The long tail concept is now commonplace in business and computing. It’s the idea that most subjects are dominated by a very large number of small categories. That the “big hits” are actually outsold by all the niche songs or films or books that sell in ones and twos. Some of this thinking can also be applied to forestry, and how small woodlands can be brought into management.

The Long Tail was introduced by an article in WIRED magazine in 2004:

What’s really amazing about the Long Tail is the sheer size of it. Combine enough nonhits on the Long Tail and you’ve got a market bigger than the hits. Take books: The average Barnes & Noble carries 130,000 titles. Yet more than half of Amazon’s book sales come from outside its top 130,000 titles. Consider the implication: If the Amazon statistics are any guide, the market for books that are not even sold in the average bookstore is larger than the market for those that are.

How does this compare to woodlands in England? The most recent comprehensive survey we have is the Forestry Commission’s report “National Forestry Inventory 2011 woodland map”, and the picture is strikingly similar.

Tables 7/7a have the figures. 69% of all the woodland in England by area meets the original UKWAS definition of small woodlands: less than 100 hectares or 250 acres.
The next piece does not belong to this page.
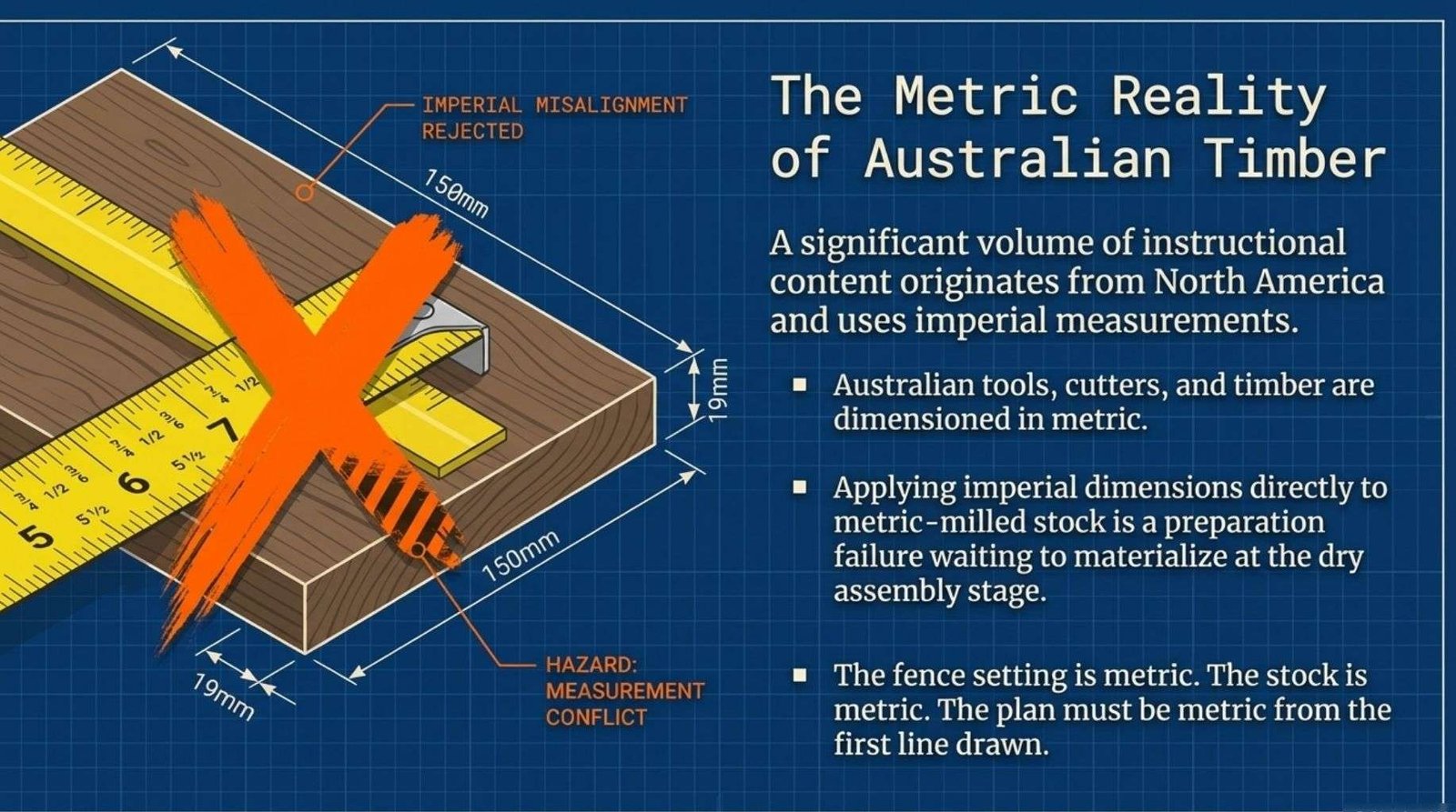 Applying those dimensions directly to Australian-milled stock without conversion is a preparation failure waiting to materialise at the dry assembly stage.

Looking at woods smaller than 20 hectares or 50 acres, the percentage of the total area is still 41%. If we turn to English broadleaved woodlands, woods smaller than 20 hectares cover 51% of the total area.
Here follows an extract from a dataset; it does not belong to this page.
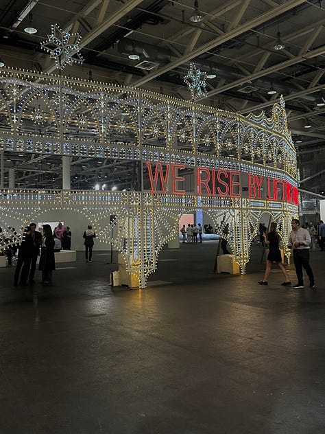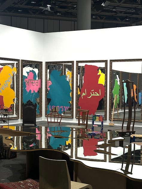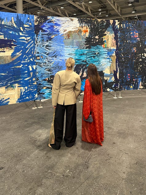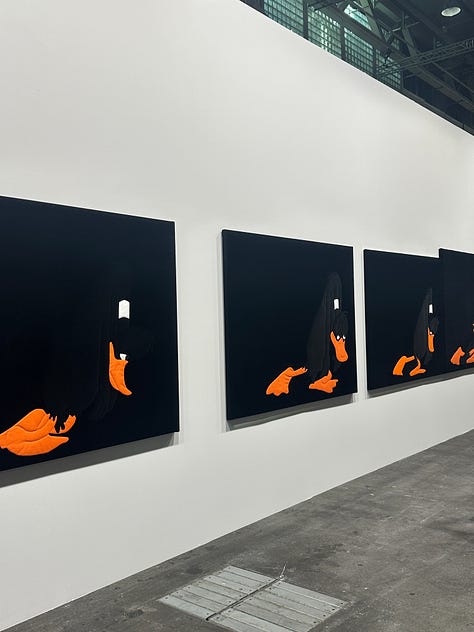 Inside, hardly any art was visible, so we started at the foyer with a glass of champagne and chitchatting with art world friends and familiar faces. Afterward, the booths became more roomy, and we could start to view art properly. There were some fantastic pieces from contemporary but also modern names. However, I feel like the majority of artists repeat from fair to fair, and the curation of booths is more or less the same; after a while, when exhaustion kicks in, everything blends in. For some reason, I tend to expect something groundbreaking from an art fair; perhaps that explains why I like Unlimited the most, as it is the closest to ‘groundbreaking.’ In Frieze London, I feel like booth curation gets more creative, but I still love Art Basel for the overall experience - the quality, the volume, the socializing, and the accompanying events and exhibitions. The galleries are already reporting strong sales despite broader economic uncertainty, trade tensions, and shifting market dynamics.

So it’s obvious that smaller woodlands really matter. People in the small woods community have been saying this for years but it’s still not properly reflected in our national debates about forestry, especially in the media. The image is of rolling hills and valleys draped in conifer plantations and their patches of clear fell.

What lessons do Amazon and the rest have for policy towards small woodlands? What does their success with the Long Tail tell us?

To answer this we have to think about how they manage to turn all those niche titles into dollars and pounds. In the past, out of print books and forgotten films sat on shelves or were boxed up in the corners of warehouses. Out of sight and hard to find. “Unmanaged” as it were. To bring those titles back to life, companies like Amazon harness the enthusiasm of customers to find them and to recommend them to other people. Star ratings and the words “Customers who bought this item also bought” suggest what else might be worth looking at. This means the enthusiasts of the Long Tail of niche titles power the whole process themselves. Amazon staff don’t have to decide what to show people or guess what is worth looking at.

The small woods problem is very similar. How can the government, or the Forestry Commission, or even a hundred unitary and county councils help manage 200,000 small woods? They can’t, obviously. What they can do is provide an environment where the owners of those woods can get on with it themselves. But they don’t: legislation and planning rules which are tailored to big forestry aren’t appropriate for the half of English woodland in small woods. The rules are focussed on timber production and don’t scale down to the management of small woods, both those run with a commercial aim or those managed for “Natural Capital”, as part of flood defences or for conservation or amenity value – such as an ancient woodland site with a plan to remove invasive species and encourage native ones.

There are three planning issues which come up time and again amongst small woodland owners and managers:

  1. The existing permitted development rights for forestry buildings aren’t applied consistently or fairly by local planning authorities. Some councils are very reasonable. Some are obstructive. A family managing a small woodland at weekends isn’t the same as a self-contained contractor turning up with all their highly automated equipment on low loaders to start clear felling.
  2. To make small woodlands economic, many people want to do some finishing of the wood and timber they are harvesting. To go beyond just preparing it for sale as wood or timber. For instance making things into finished retail products like furniture, hurdles for fencing, even wooden sculptures. Simply including a line in the government’s planning guidance saying that all crafts using wood grown within that same woodland are always counted as ancillary to forestry would largely solve this problem.
  3. Lots of people want to live in the woods they work in. Maybe full time like Ben Law; or maybe part of the week or part of the year. You can already live in a “caravan” in woodland you work in, and a “caravan” can be a prefabricated log cabin brought on site in two sections. But you can only do this for “a season” at a time, which is “less than a year”, and outside of that time you need planning permission to leave your caravan there. If people are happy to live in their caravan where they work all year round, in a country with a housing shortage, they should be allowed to do it.

Brexit is turning everything upside down. Changes to grants. Changes to foreign trade agreements and tariffs. Changes to what we think it’s all for. If we want to make the most of what we have and do in this country, we need to think about what is underused. And in our corner of the debate, which has the label Forestry, it’s the half of woodland that is in small woodlands which is underused.